▸ Data excerpt:
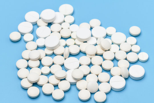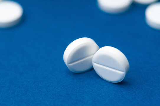 Lots of white pills on a blue background. Pills scattered on a blue background. Medical background. Health, Pharmacy.
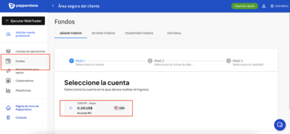 Seleccionar apartado Fondos y seleccionar tu cuenta - Elige “PayPal” como método de depósito.
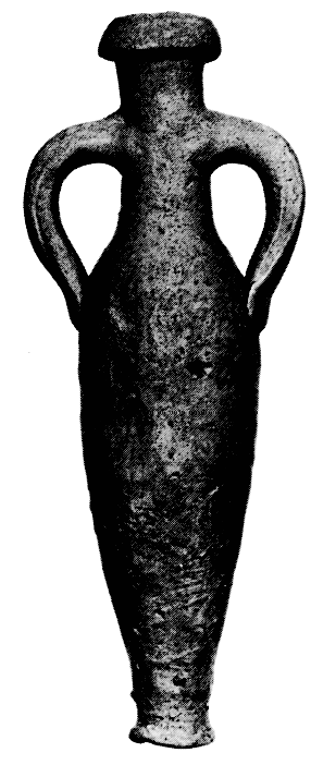 En 1995, une fouille d'urgence dans un terrain situé à 190 m à l'Est de l'acropole d'Halai a mis au jour vingt-six tombes de types divers (la plupart en fosses couvertes de dalles de poros ou de fragments de stèles funéraires remployées) qui appartiennent à la nécropole Est de la cité antique, en usage de la fin du IIIe s. av. J.-C. au Ier s. ap. J.-C. Toutes les tombes renfermaient des offrandes, principalement des vases (lacrymatoires, petits skyphoi sans anses, coupes à omphalos, plats en sigillée, amphores de type macédonien, petite amphore [fig. 1], etc.) et divers objets (figurines en terre cuite, strigiles, objets de parure, vases en verre [fig. 2], lampes, monnaies...).

▸ Problem to work on:
Ignoring the pictures, write out word for word only the lines from the one containing "Seleccionar apartado Fondos" through the last line of the data, both ends included.

▸ The answer:
 Seleccionar apartado Fondos y seleccionar tu cuenta - Elige “PayPal” como método de depósito.
 En 1995, une fouille d'urgence dans un terrain situé à 190 m à l'Est de l'acropole d'Halai a mis au jour vingt-six tombes de types divers (la plupart en fosses couvertes de dalles de poros ou de fragments de stèles funéraires remployées) qui appartiennent à la nécropole Est de la cité antique, en usage de la fin du IIIe s. av. J.-C. au Ier s. ap. J.-C. Toutes les tombes renfermaient des offrandes, principalement des vases (lacrymatoires, petits skyphoi sans anses, coupes à omphalos, plats en sigillée, amphores de type macédonien, petite amphore [fig. 1], etc.) et divers objets (figurines en terre cuite, strigiles, objets de parure, vases en verre [fig. 2], lampes, monnaies...).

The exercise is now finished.